The house price growth in South Africa slowed in November and is expected to remain that way in 2012 due to slow economic growth predicted for 2012.
In real terms, the October FNB House Price Index declined by -1.9 percent y/y, with consumer price inflation of 6 percent in that month significantly higher than the 4 percent nominal y/y growth in house prices
According to the FNB House Price Index, the November average house price was still 3.2 percent higher than November 2010 year-on-year (y/y).
John Loos, FNB Home Loans property strategist says this represents a slower growth rate than the October revised y/y growth of 4 percent and represents the third consecutive month of slowing y/y house price growth.
The average price of homes traded as recorded in the FNB House Price Index, was R804 242.
In real terms, the October FNB House Price Index declined by -1.9 percent y/y, with consumer price inflation of 6 percent in that month significantly higher than the 4 percent nominal y/y growth in house prices.
Loos explains that in nominal terms, the average house price in real terms is -16.6 percent lower than its long term peak reached in February 2008.
In nominal terms, the index is a marginal +5 percent higher than it was in February 2008.
Compared to July 2000 when the index started, the average price at November 2011 was 209.5 percent higher in nominal terms, and 63.8 percent higher in real terms, he says.
On a month-on-month basis, the seasonally-adjusted FNB House Price Index shows the residential market to already have been in a state of nominal price decline (negative growth) for the past four months.
In November, the extent of this price decline in October was -0.74 percent, which is slightly less decline than the revised -0.89 percent measured in October.
Since the seasonally-adjusted price decline started four months ago, the total decline has been -2.3 percent, he says.
In 2012, a real possibility exists for further interest rate reduction but the bank cautions against expecting major interest rate reduction.
FNB says the market remains very flat and looks likely to remain so for the foreseeable future.
The bank says there is no obvious indication to suggest any marked improvement in house price performance next year.
In 2012, a real possibility exists for further interest rate reduction but the bank cautions against expecting major interest rate reduction.
Given the expectation of a slower economic growth year in 2012 and slight interest rate reduction at best, the average house price growth for 2012 is expected to be still slower than in 2011.
After the 2010 mini-recovery that produced an average house price rise of 6.1 percent for 2010 as a whole, 2011 looks set to end at an average rise of 3 percent.
In 2012, we expect still slower nominal growth at between 1-2 percent.
This would translate into further house price decline in real terms, with consumer price inflation expected to move in the 4 to 6 percent range during next year, says FNB.

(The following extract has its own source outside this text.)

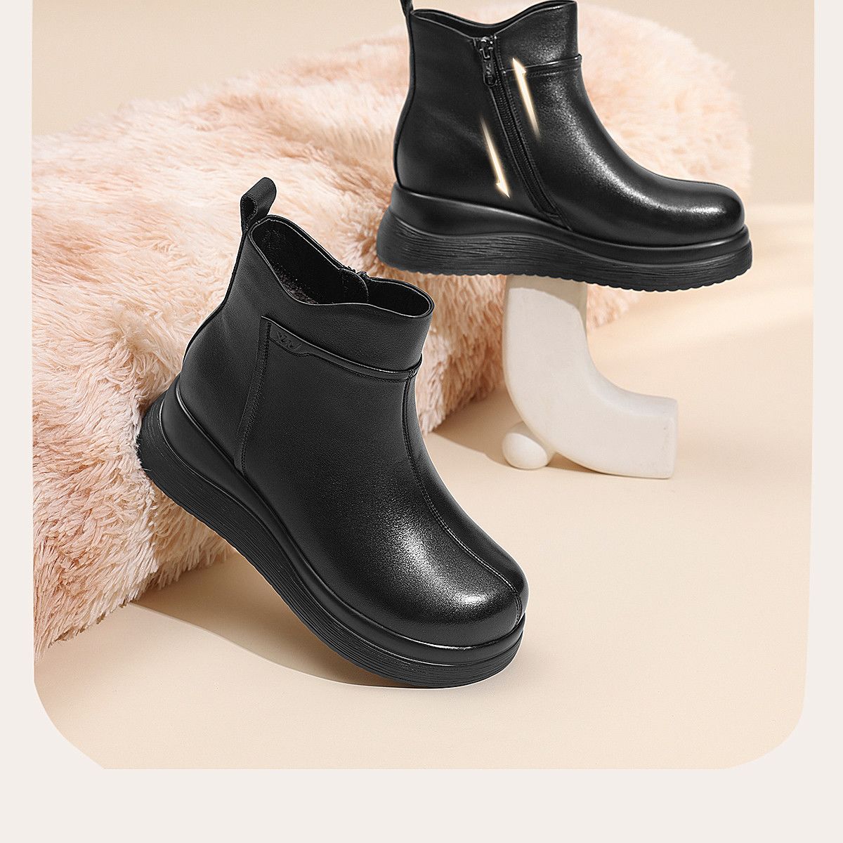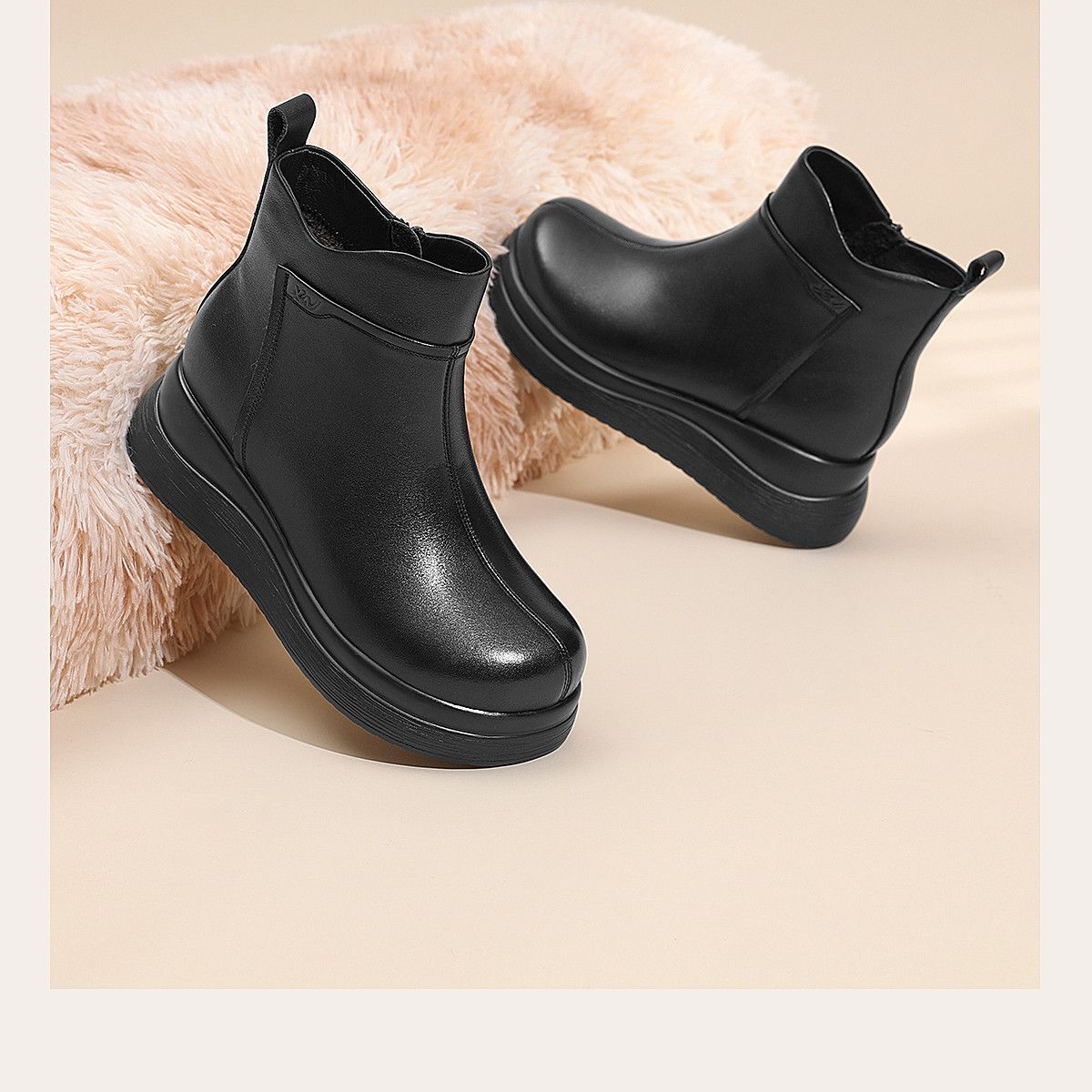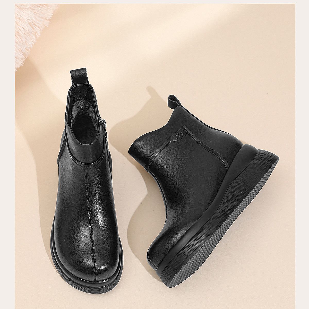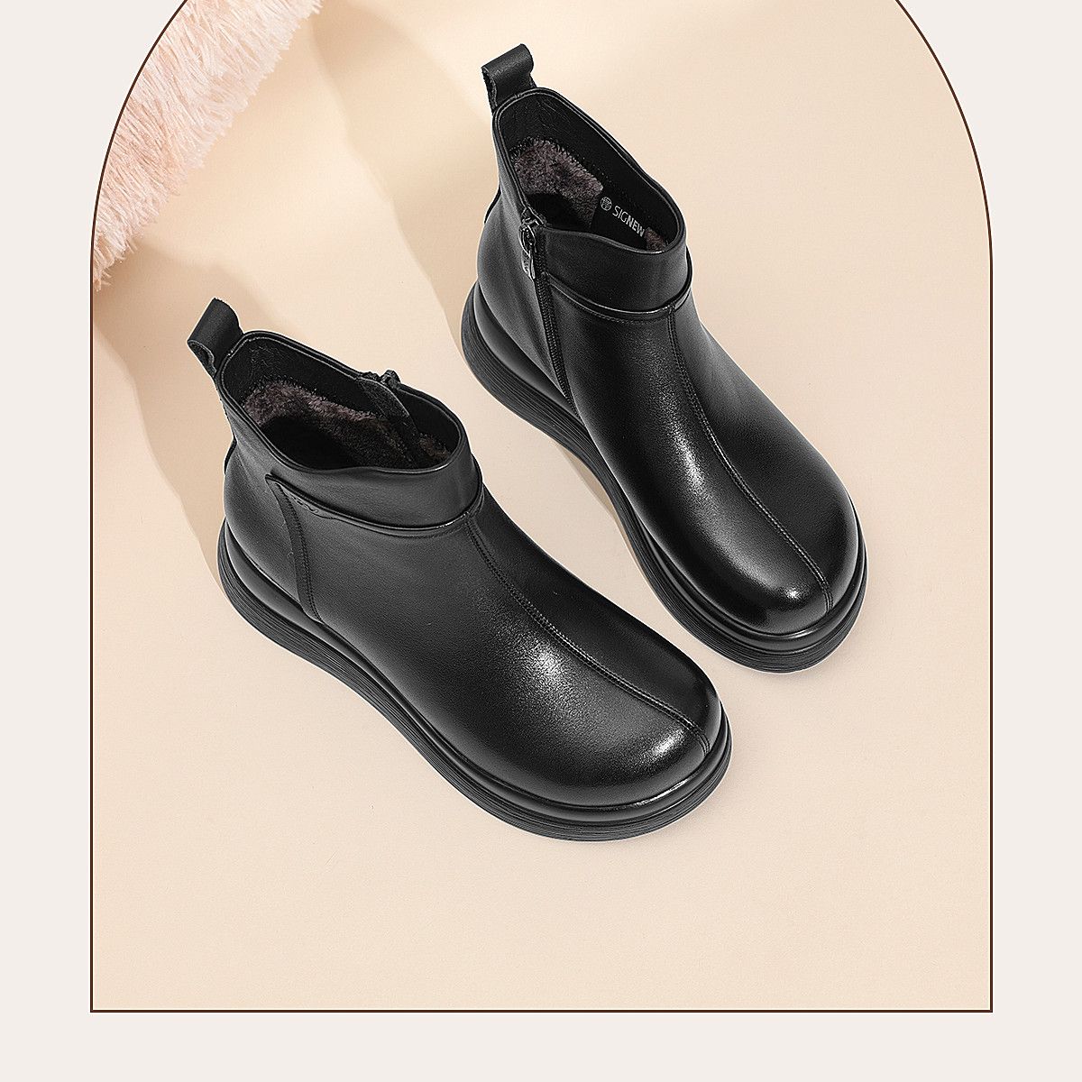 信诺真皮妈妈鞋女厚底增高短靴切尔西靴2025冬季新款加绒加厚棉鞋X5M155-269Z

Loos says while he believes there is a possibility that interest rates may go down slightly further, he is of the view that for the property sector to place all its hopes on interest rate cuts is as questionable as the mining and manufacturing sectors hoping for a weaker rand to cure all of their ills.
“The reality is that bringing the property market back to health is far more complex than merely cutting interest rates.”
At 9 percent prime rate, the interest rates are at multi-decade lows already, he says.
For the housing market’s longer term health, it is important that the household debt-to-disposable income ratio be brought down to lower levels.
From this point of view, the current level of interest rates appears to strike a good balance, providing relief for highly-indebted households, assisting in a decline in our home loan arrears and non-performing loans in recent years, but on the other hand not yet having encouraged household borrowing growth to accelerate.
“Instead of interest rate cuts, we should rather be writing to Santa hoping for a more significant improvement in the residential rental market in 2012.”
In 2012, smaller homes are expected to be more popular as they contribute to reduced running costs.
He says what appears necessary to improve residential property’s attractiveness as an asset class is a strong rental market coupled with slow capital growth in order to significantly increase net yields on property.
A better-performing rental market is more a function of the economy than of interest rates alone and this depends greatly on the global economy’s performance which is currently fragile, says Loos.
In 2012, Loos has the following expectations:
- the more affordable segments of the housing market will outperform the higher priced segments
- high transport costs due to high fuel prices and Gauteng tolls can support demand in close proximity to business nodes
- smaller homes are expected to be more popular as they contribute to reduced running costs.